Towards a systematic approach to manual annotation of code smells
preprintposted on 09.03.2021, 02:33 by Nikola Luburić, Simona Prokić, Katarina-Glorija Grujić, Jelena Slivka, Aleksandar Kovačević, Goran Sladić, Dragan Vidaković
Code smells are structures in code that indicate the presence of maintainability issues. A significant problem with code smells is their ambiguity. They are challenging to define, and software engineers have a different understanding of what a code smell is and which code suffers from code smells.
A solution to this problem could be an AI digital assistant that understands code smells and can detect (and perhaps resolve) them. However, it is challenging to develop such an assistant as there are few usable datasets of code smells on which to train and evaluate it. Furthermore, the existing datasets suffer from issues that mostly arise from an unsystematic approach used for their construction.
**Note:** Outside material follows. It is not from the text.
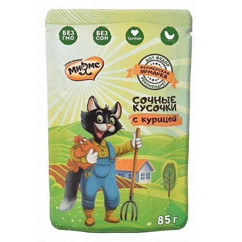 Консервы Мнямс пауч сочные кусочки для кошек с курицей Фермерская ярмарка линия Кот Федор 85г, 12 уп
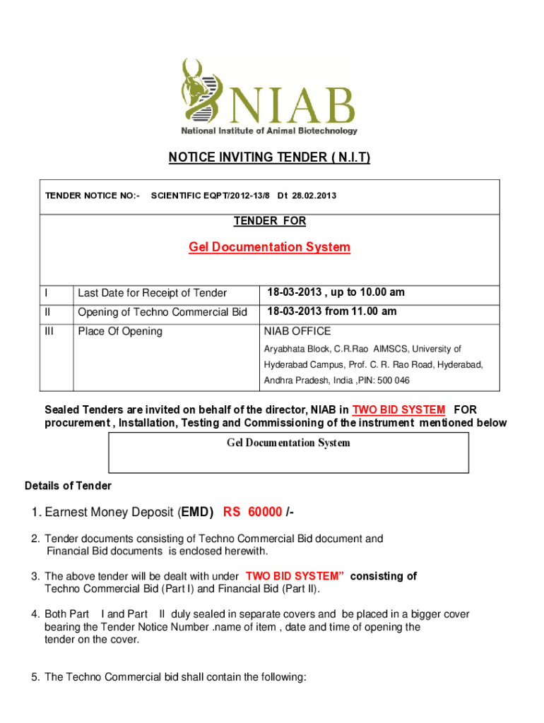 Get the free NOTICE INVITING TENDER ( N.I.T) Gel Documentation ...

Through this work, we address this issue by developing a procedure for the systematic manual annotation of code smells. We use this procedure to build a dataset of code smells. During this process, we refine the procedure and identify recommendations and pitfalls for its use. The primary contribution is the proposed annotation model and procedure and the annotators’ experience report. The dataset and supporting tool are secondary contributions of our study. Notably, our dataset includes open-source projects written in the C# programming language, while almost all manually annotated datasets contain projects written in Java.